Чтение онлайн

ЖАНРЫ

Шрифт:

–  Всю жизнь хотел написать о Нероне…

–  Эк всех вас тянет о Нероне! Не меньше! С "усатым" все счеты сводите? Аллюзии! Но это от необразованности… А самая для нас современная фигура в то время - Анней Серен, знакомец Нерона и любимый родственник Сенеки. Они обменивались с Сенекой длинными утонченными письмами. В письмах этих Серен - совершеннейший Байрон, римский "лишний человек", разочарованный, страдающий - меланхолик, погруженный в депрессию! Он все время на грани самоубийства. И в это же время Серен предоставлял Нерону свой дом для тайных свиданий с любовницей. И пока Нерон забавлялся в его комнатах, Серен писал в прихожей утонченные письма к Сенеке. Кстати, закончил жизнь наш Гамлет, как многие меланхолики-либералы, начальником римской полиции! А умер этот Чайльд Гарольд, отравившись грибами с милым названием свинухи. Но все равно, - я постучал по книжке, - писали эти древние здорово!

Вот так уничтожив его последним замечанием, я придвинул к себе наконец его рукопись. Сделал суровое лицо, показывая, что перехожу к святая святых - литературе.

Самое смешное: он не засмеялся! С его-то чувством юмора! Нет, я не прав, все-таки он изменился. Я начал:

–  Ну, насчет целующих мохнатую лапу, то бишь ручку-с… Ну, во-первых, далеко не все ее целовали. А многие и очень многие совсем не целовали…

А тем, кто собирался или собирается этим заняться, - не советую руководствоваться твоим эпиграфом. Ручку не целуют квалифицированно, ее целуют искренне… Больше чувства да поклон пониже - вот и вся квалификация! Так что твой совет неточен, да… Это - раз, что же касается содержания рукописи…

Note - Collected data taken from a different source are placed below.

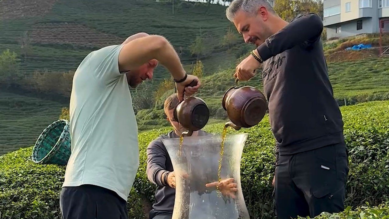 Çay tutkusu sınır tanımaz! Çaylığın içinde çekilen video viral oldu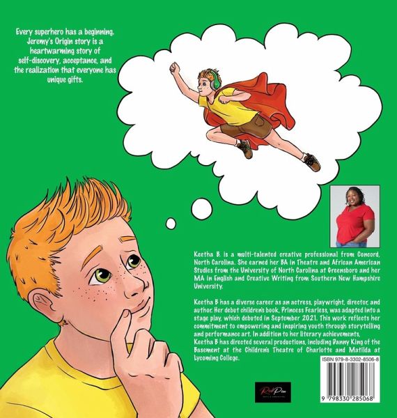 Every superhero has a beginning. Jeremy's Origin Story is a heartwarming story of self-discovery, acceptance, and the realization that everyone has unique gifts. Lakeetha Blakeney is a multi-talented creative professional from Concord, North Carolina. She earned her BA in Theatre and African American Studies from the University of North Carolina at Greensboro and her MA in English and Creative Writing from Southern New Hampshire University. Blakeney has a diverse career as an actress, playwright, director, and author. Her debut children's book, Princess Fearless, was adapted into a stage play, which debuted in September 2021. This work reflects her commitment to empowering and inspiring youth through storytelling and performance art. In addition to her literary achievements, Blakeney has directed several productions, including Danny King of the Basement at the Children's Theatre of Charlotte and Matilda at Lycoming College.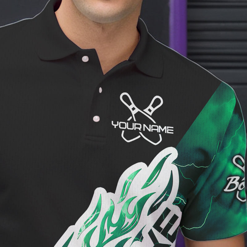 Custom Black And Green Thunder Lightning Strike Bowling Polo Shirts For Men Team Shirt IPHW8534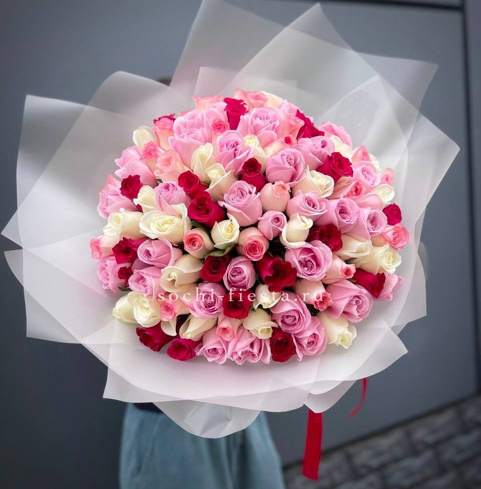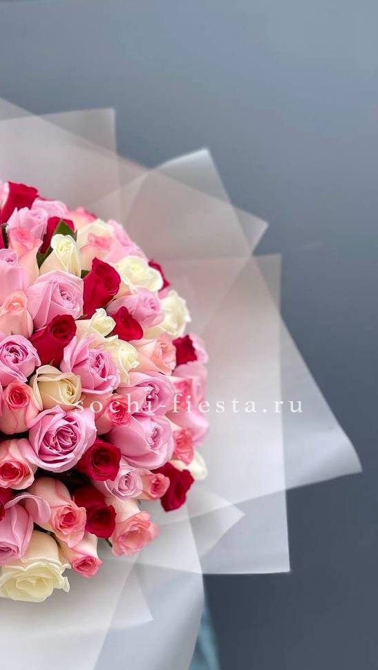 роза белого и розового оттенка 555 шт., оформление в каркас или корзину.

Я аккуратно перелистал странички, исчерканные моим карандашом. На полях - редкие плюсики ("Славно!") и огромные частые минусы.

–  Ну, надеюсь, ты серьезно не предполагаешь, что в нашем журнале ее напечатают?

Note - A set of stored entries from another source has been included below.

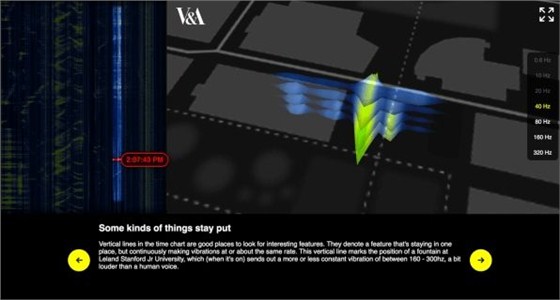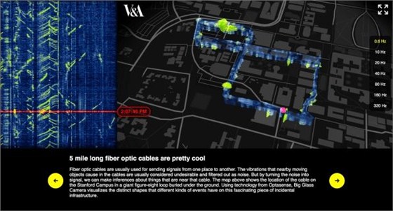 這種可視化,即“Big Glass Microphone”能夠在十分鐘以內(nèi)把電纜中的數(shù)據(jù)提取出來,這些電纜以傾斜向一邊的8字形狀埋在地下6英寸深處。從可視化數(shù)據(jù)圖中,我們很容易可以看到三種不同程度的振動波動,分別是汽車、大型噴泉和自行車行人造成的波動。受全球最大裝飾和設計藝術館維多利亞和阿爾伯特博物館(Victoria and Albert Museum)的委托,這項可視化工程將會于2018年在館內(nèi)展示。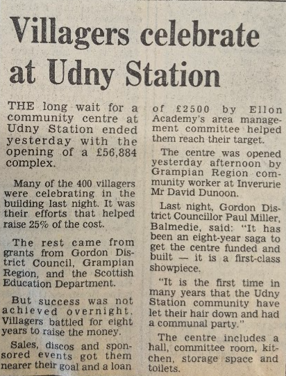 Opened on 16 December 1984, Udny Station Community Centre has grown with its community for four decades. To mark our 40th anniversary, this timeline highlights the practical projects—large and small—that have kept the hall welcoming, safe, and fit for the future.
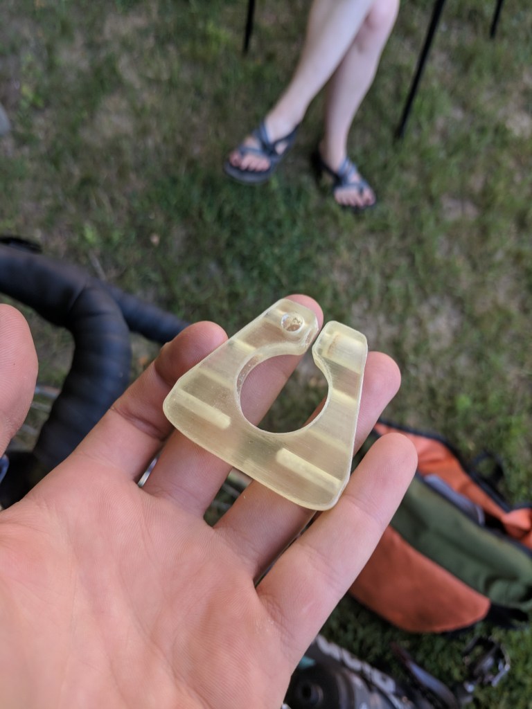 A seat post clamp with two extra threaded holes for mounting a rear bicycle rack. Brass nut slip fits into the clamp, designed to fail instead of aluminum body. 3D printed prototypes, and mistakenly backwards milled iteration also shown.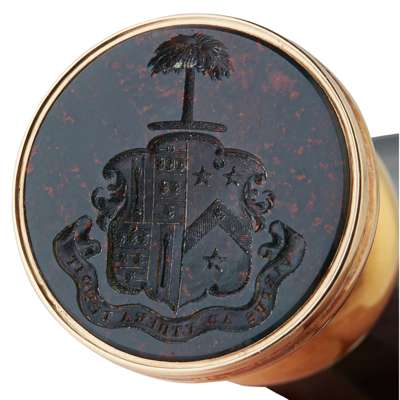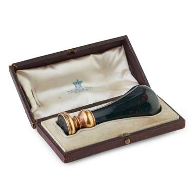 the faceted baluster blood stone handle to a gold collar and mount, the bloodstone matrix intaglio carved with full armorial, in original fitted case inscribed to lid for Mortimer and Hunt

Здесь я остановился. Он почему-то радостно кивнул. Я опять сделал "но сурово брови мы насупим".

–  Но допустим: если бы! Если бы вдруг и напечатали… - Я помолчал.
– Ты действительно хочешь правду?

Опять он кивнул: что ему оставалось!

–  Ну что ж, - продолжал я.
– Тогда слушай! У тебя есть имя. И главное, вокруг имени легенда. Дескать, ты можешь, а тебе не дают!.. Ореол шестидесятых. Если тебя напечатают, старик, эта легенда закончится. Навсегда.
– Я опять (уже совсем небрежно) перебрал его листики.
– Это все литература… прошлого десятилетия. Да, забавно! Да, эпатаж! Но так писатели серьезные нынче не пишут…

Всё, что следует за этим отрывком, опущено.